■ ACTIVITY ■
Would you please copy all of the data exactly, skipping the images?

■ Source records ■
#####

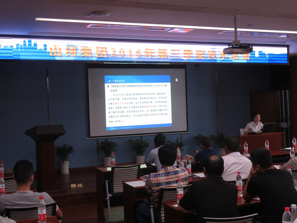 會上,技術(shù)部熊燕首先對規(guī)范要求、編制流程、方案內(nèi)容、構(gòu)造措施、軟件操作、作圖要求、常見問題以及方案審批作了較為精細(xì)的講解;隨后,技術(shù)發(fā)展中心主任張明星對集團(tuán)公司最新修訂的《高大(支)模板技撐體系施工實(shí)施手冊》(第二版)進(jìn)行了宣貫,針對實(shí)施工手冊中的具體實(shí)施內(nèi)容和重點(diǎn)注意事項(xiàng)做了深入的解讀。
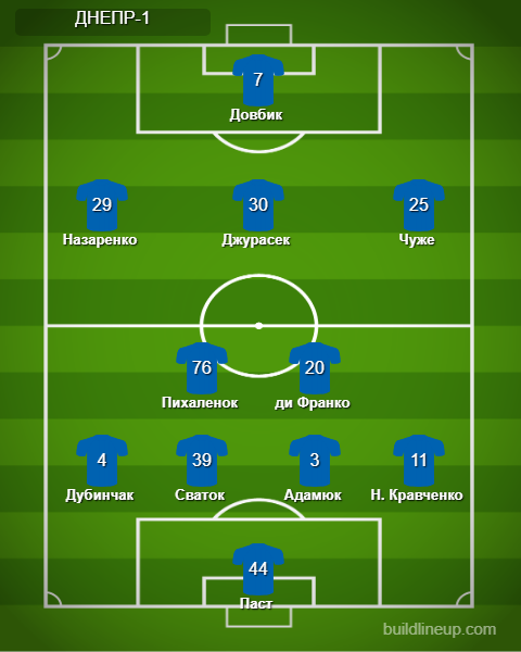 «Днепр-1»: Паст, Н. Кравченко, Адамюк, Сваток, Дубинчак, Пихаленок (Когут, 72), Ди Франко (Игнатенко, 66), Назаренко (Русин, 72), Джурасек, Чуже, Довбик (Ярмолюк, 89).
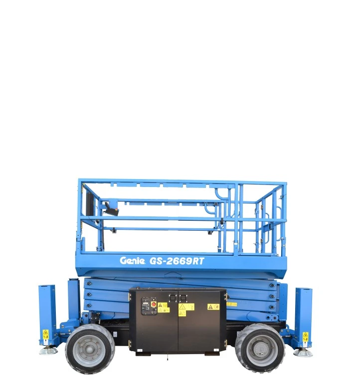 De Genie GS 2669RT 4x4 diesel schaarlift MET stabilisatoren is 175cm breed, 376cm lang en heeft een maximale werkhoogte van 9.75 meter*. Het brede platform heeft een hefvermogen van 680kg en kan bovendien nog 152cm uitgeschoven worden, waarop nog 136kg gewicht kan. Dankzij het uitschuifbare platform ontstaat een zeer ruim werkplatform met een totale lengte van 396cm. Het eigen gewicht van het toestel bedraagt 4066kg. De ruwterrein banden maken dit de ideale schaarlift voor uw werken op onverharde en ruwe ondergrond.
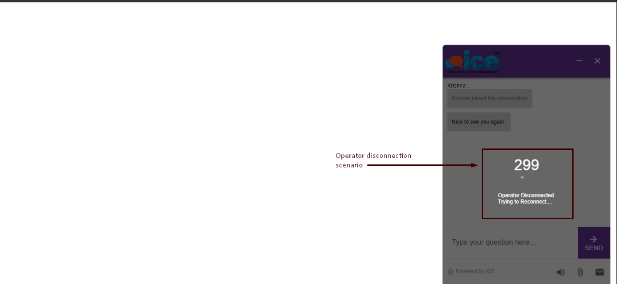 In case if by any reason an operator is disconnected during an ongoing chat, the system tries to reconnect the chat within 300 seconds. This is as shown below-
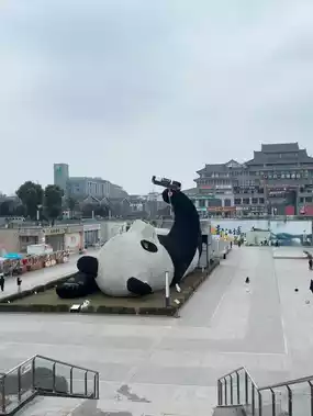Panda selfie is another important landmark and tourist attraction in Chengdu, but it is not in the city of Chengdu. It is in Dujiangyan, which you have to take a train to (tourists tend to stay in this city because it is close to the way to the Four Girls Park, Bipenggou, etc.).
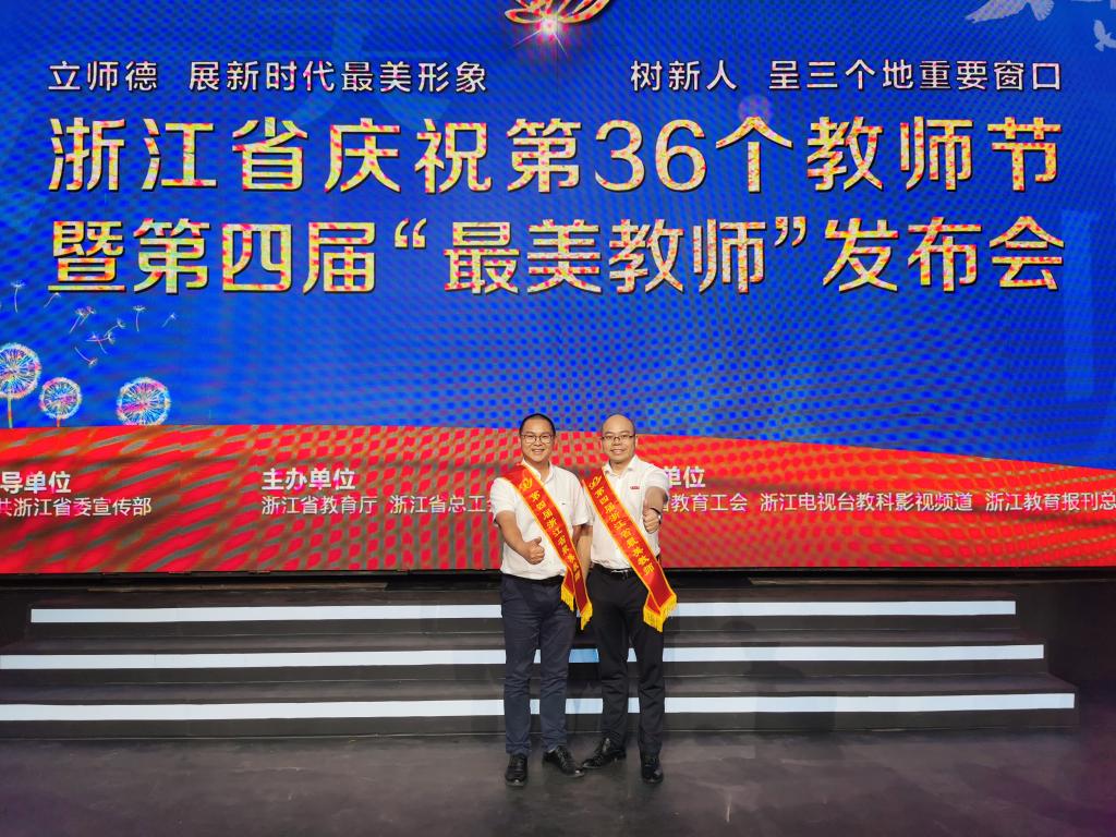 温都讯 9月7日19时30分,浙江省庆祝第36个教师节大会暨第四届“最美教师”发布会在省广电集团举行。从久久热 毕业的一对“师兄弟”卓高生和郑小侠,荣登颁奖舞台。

#####

■ RESPONSE BOX ■
 會上,技術(shù)部熊燕首先對規(guī)范要求、編制流程、方案內(nèi)容、構(gòu)造措施、軟件操作、作圖要求、常見問題以及方案審批作了較為精細(xì)的講解;隨后,技術(shù)發(fā)展中心主任張明星對集團(tuán)公司最新修訂的《高大(支)模板技撐體系施工實(shí)施手冊》(第二版)進(jìn)行了宣貫,針對實(shí)施工手冊中的具體實(shí)施內(nèi)容和重點(diǎn)注意事項(xiàng)做了深入的解讀。
 «Днепр-1»: Паст, Н. Кравченко, Адамюк, Сваток, Дубинчак, Пихаленок (Когут, 72), Ди Франко (Игнатенко, 66), Назаренко (Русин, 72), Джурасек, Чуже, Довбик (Ярмолюк, 89).
 De Genie GS 2669RT 4x4 diesel schaarlift MET stabilisatoren is 175cm breed, 376cm lang en heeft een maximale werkhoogte van 9.75 meter*. Het brede platform heeft een hefvermogen van 680kg en kan bovendien nog 152cm uitgeschoven worden, waarop nog 136kg gewicht kan. Dankzij het uitschuifbare platform ontstaat een zeer ruim werkplatform met een totale lengte van 396cm. Het eigen gewicht van het toestel bedraagt 4066kg. De ruwterrein banden maken dit de ideale schaarlift voor uw werken op onverharde en ruwe ondergrond.
 In case if by any reason an operator is disconnected during an ongoing chat, the system tries to reconnect the chat within 300 seconds. This is as shown below-
Panda selfie is another important landmark and tourist attraction in Chengdu, but it is not in the city of Chengdu. It is in Dujiangyan, which you have to take a train to (tourists tend to stay in this city because it is close to the way to the Four Girls Park, Bipenggou, etc.).
 温都讯 9月7日19时30分,浙江省庆祝第36个教师节大会暨第四届“最美教师”发布会在省广电集团举行。从久久热 毕业的一对“师兄弟”卓高生和郑小侠,荣登颁奖舞台。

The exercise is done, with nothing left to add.